Dennis Gartman, who edits the Gartman Letter, told CNBC in an interview late Monday he recently ‘got scared’ and moved his equity exposure to near zero from 100%. He said he’s sticking with gold and cash to ride out the “long-awaited and much-needed correction.”
Gartman, who earlier this month was still holding his bullish stock stance, basically got freaked out by 15 minutes on the markets Friday. In that short space of time, he said the market turned like he’d never seen it turn before. Friday was quite a day, with heavy selling of biotech and Internet stocks, pushing the Nasdaq Composite COMP +0.82% to its worst day in two months. The S&P 500 SPX +0.38% and Dow industrials DJIA +0.06% also dropped 1.3% and 1%, respectively, that day.
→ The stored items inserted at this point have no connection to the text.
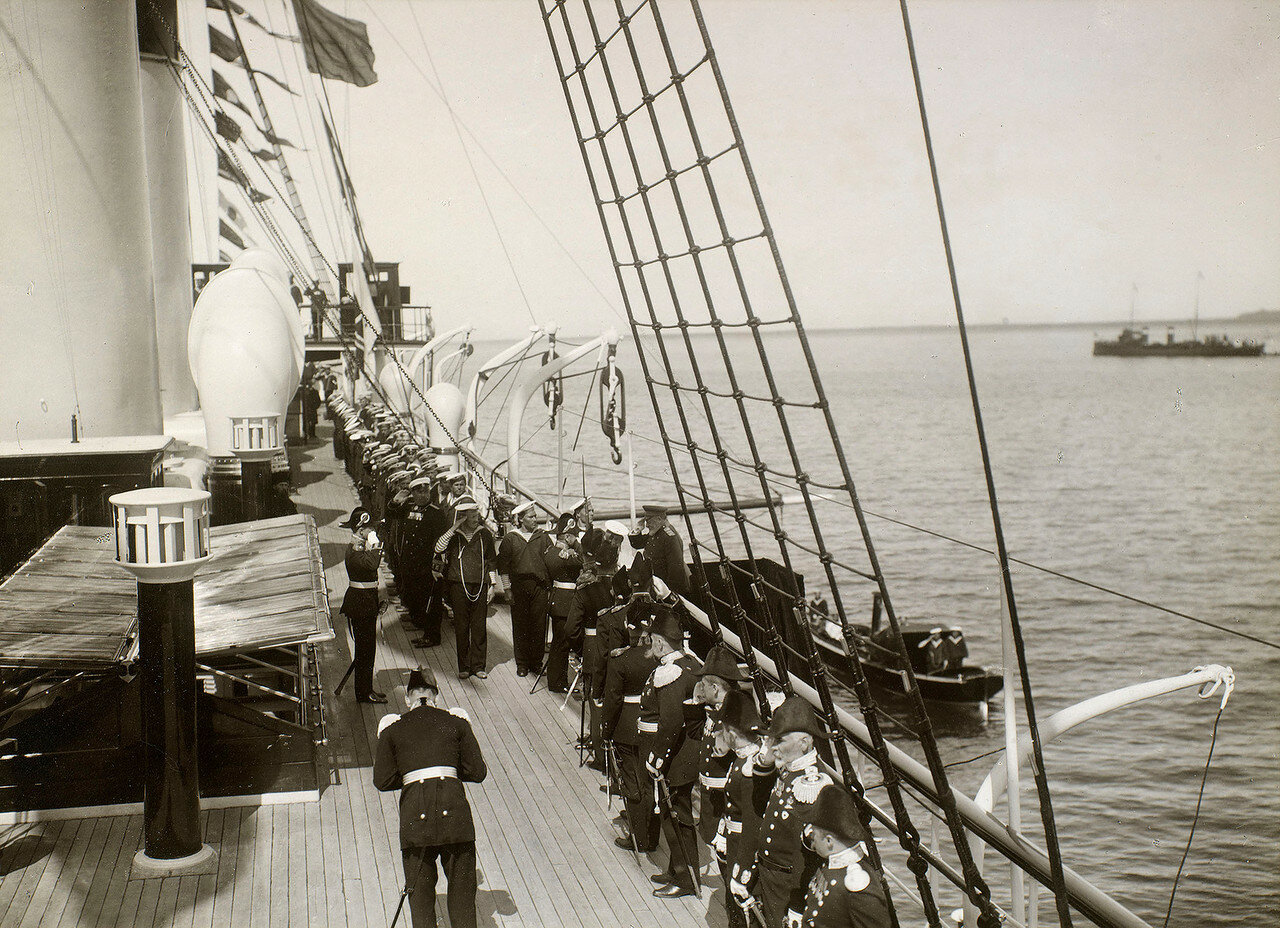 Король Эдуард VII посадкой яхту в заливе Ревеле , 1908 9 июня 1908.jpg
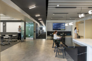A custom, abstracted train track motif—represented by CNC-routed wood wall panels and printed acoustic surfaces—reinforces the theme throughout the office, supporting movement and wayfinding emphasized by a dramatic corridor ceiling that guides flow and directs employees to collaboration hubs.
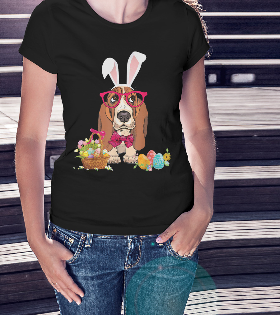 Basset Hound Bunny Rabbit With Glasses And Easter Egg Basket T-Shirt
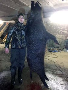 Ich nahm mein Glas hoch um mich umzusehen, da traute ich meinen Augen kaum, links von mir in einer Wiese stand ein Stück Schwarzwild. Ich griff sofort zur Waffe, legte an, ein letzter Blick durchs Glas ob noch mehr dabei sind, keine Spur, es war ein einzelnes Stück, dann brach der Schuß aus der R93 im Kaliber 6,5 x 65. Der Schwarzkittel legte sich in Zeitlupe auf die Schwarte, schnell repetiert und weiter beobachtete ich das Stück, mein Herz raste (hoffentlich ist alles richtig dachte ich mir). Durchs Glas konnte ich erkennen, das das Stück keine Bewegung mehr von sich gab. Einmal tief durchatmen und der Griff zum Handy. „Andi du musst kommen, ich habe ein Stück Schwarzwild erlegt, er fragte wie schwer, meine Antwort, puh ja so ca.70kg glaube ich“. Es dauerte keine 10 Minuten und er war da.

“Friday morning I came back from the gym, and I was very comfortable: I owned aluminum, I owned coal, I owned money-center banks. Then between 11 a.m. and 11:15 a.m. it was as if they flipped the switch. Everything changed: stocks changed, bonds changed, gold changed, currency changed — the whole world switched,” recalled Gartman.Gartman said he won’t be buying stocks again until they get much cheaper.
He said Friday’s action was worth noting because it was a so-called outside reversal day, when both the high and the low price for the day, for a stock or index, exceeds those levels on the previous day. If there is downside follow-through, as Barron’s explained on Monday, it can also signal a market top. The Nasdaq logged a 1.2% drop on Monday, and a 4.6% fall over three sessions, to mark the worst three-day loss since November 2011.
Reversal days are common — they happen, said Gartman. However, reversal weeks are rare, and reversal months are rarer still. “It’s really, really important … we don’t get outside reversal months, where you make a new high and close below the previous month.”
Over on Twitter, there was plenty of eye-rolling going on, given that on April 1, Gartman was touting a bullish stance on stocks to CNBC.
Gartman may be missing out on a bounce, though, according to some. Milton Ezrati, market strategist and economist at Lord Abbett, told CNBC he expects earnings won’t disappoint and will “show people that the world’s not going to come to an end, just because names in social media are blowing up.”